Expecting to be entertained by a friendly is like expecting to be cerebrally stimulated by reality television. It’s all artificial toiling and coiled shadow-boxing, and going one down after 30 seconds to a soft goal – rolled past Mäenpää in front of 200 distinctly quiet Albion fans, many of whom were still returning from the bar at that point – hardly elevated the thrill.

Dunk atoned for the misplaced pass which had led to the goal with a simple header from an inswinging free-kick at the end of the half, but it was our only attempt on target in 45 minutes. Luton should have been further ahead. They almost were straight after the break, seeing two shots cleared off the line. Apart from Elvis cracking the bar from close range they were well deserving of their win.

The game is about as memorable as a service station holiday, but it would be remiss not to laud the ground. The away end is right next to a residential front door, the stairs overlook rows of gardens and there’s an old-school tea bar near a door which leads to a clubhouse-style bar for away fans with relatively cheap beers.

The shallow stand falls low beneath the pitch and the noise in the enclosed ground is impressive. You can picture Fozzie enjoying his time here in the mid-80s, orange shirt, headband and all. This is the sort of place you end up missing over the course of a Championship season full of visits to sterile, out-of-town stadia. Let the watered-down lager flow.

Sunday, 1 May 2016

Alloa Athletic 0-1 Raith Rovers, Scottish Championship, October 17 2015

The mission had originally been to visit Arbroath’s Gayfield Park, consistently lauded as one of the most beautiful grounds in the world and the closest to the sea in Britain. But a farcical ticketing mix-up at a provincial arts centre (as Half Man Half Biscuit might call it) meant the destination needed to be within an hour of Glasgow.

I considered going to watch Motherwell-Celtic, eventually being dissuaded by the suspiciously generic look of their ground, extortionate ticket prices and the fact that it was Mark McGhee’s first game in charge (those later Withdean memories, like welts, will never fade.)

In times of uncertainty, a Saturday coupon and the Football Ground Guide are invaluable. Eventually I struck upon the 19th century Recreation Park, and the chance literally paid off. Approaching a roundabout near the station, a man in the colours of The Wasps (their emblematic insect bears a camp smile and protruding biceps) met a request for directions by immediately offering me his absent mate’s season ticket before reeling off various tales of his life in a Bruce Springsteen tribute band.

Despite his generous offer of a drinking session after the game, I left his group (and, temporarily, abandoned my cynicism about the state of the modern game) to take in the beauty of this ancient ground with its brick walls, creaking turnstiles, shallow terrace and lovingly-curated club shop.
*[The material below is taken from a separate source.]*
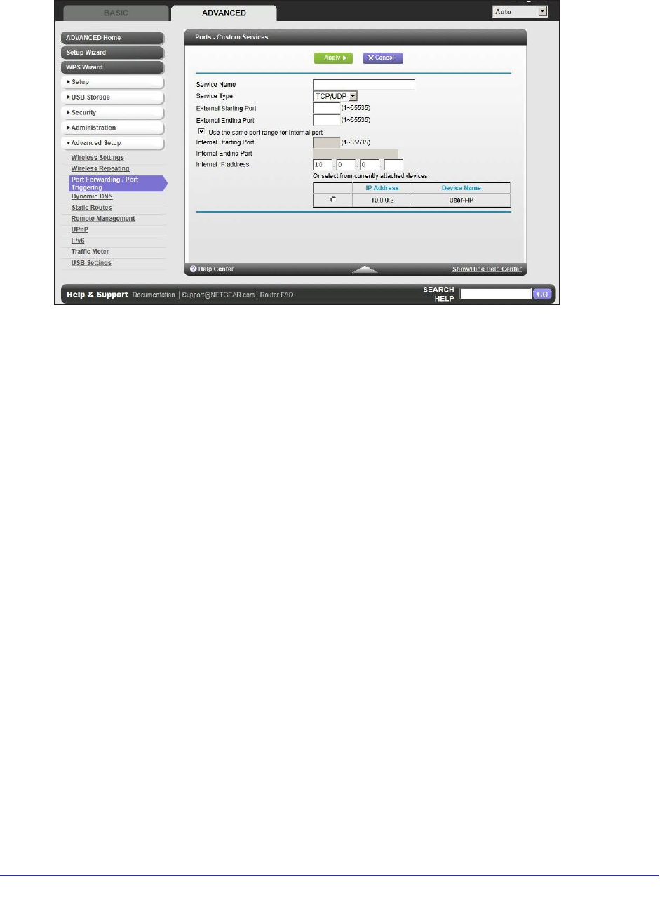 8. Click Apply. The service appears in the list in the Port Forwarding/Port

The team, which escaped Championship relegation by overturning a 3-1 deficit on home turf in the final game of the previous season, were faring little better this time around, although they have an ex-Premier League striker in Michael Chopra upfront, who can apparently be seen driving a battered old motor around the town having fallen upon hard times in recent years.


Both teams played neat football. For Raith, Mark Stewart looked clever and pacy, drawing a brave save from the keeper with a thundering half volley straight at him from the edge of the area. He then met a clever diagonal ball to square to Jon Daly, whose dive edged the cross into the jeering home terrace. The female assistant referee received almost non-stop advice from the home fans, with the cry of "you have to give that" regularly audible along with such time-honoured gems as "you've got him in your back pocket, Kyle".

Chopra was invited to be the hero in front of the home fans 15 minutes into the second half, but sent a straightforward header straight at the keeper when unmarked from three yards. A brilliant, lightning run by Michael Doyle down the right then allowed Chopra to chest and volley from the edge of the six-yard box, but a defender got in the way.


Raith missed a simple header from a crossed free kick 15 minutes before the end, and the hardcore nearest the dugouts were fuming with the ref after what they saw as a "fackin’ assault" of a 50-50 collision near the away penalty area. Their mood worsened as Raith grabbed the winner following a foray down the left ending in a fierce shot which the ‘keeper could only palm to Grant Anderson, who finished to the noisy delight of the away enclosure, visible in front of a KFC drive-through.

The highlight of the afternoon, though, was the catering, which included macaroni pies and Bridie pastries. A starchy slither of a potato in a buttered bun more than hit the spot for £1.20. Exceptional stuff.

Thursday, 14 January 2016

Exeter 3-3 Stevenage, League Two, October 11 2015


When your entire knowledge of St James Park revolves around the away section – about which the term minimalism could suffice, apart from the time the tiny urinals flooded during one Albion visit – an afternoon in the home end is a glorious shock. Tall, steep and packed, it looked untouched since the 1970s and has the character of a monochrome postcard of George Best shanking past a cram of pipe-smoking elders in duffle coats.

There are looming old cider signs and excellent views over the city if you stand towards the top. A route at the back leads to a tea bar where drinks are £1, pies are £1.60 and an alleyway of barbed wire allows fans to smoke behind the car park. And parked up, ensuring an early kick-off, was a telly van broadcasting this excellent display of League Two football across the world.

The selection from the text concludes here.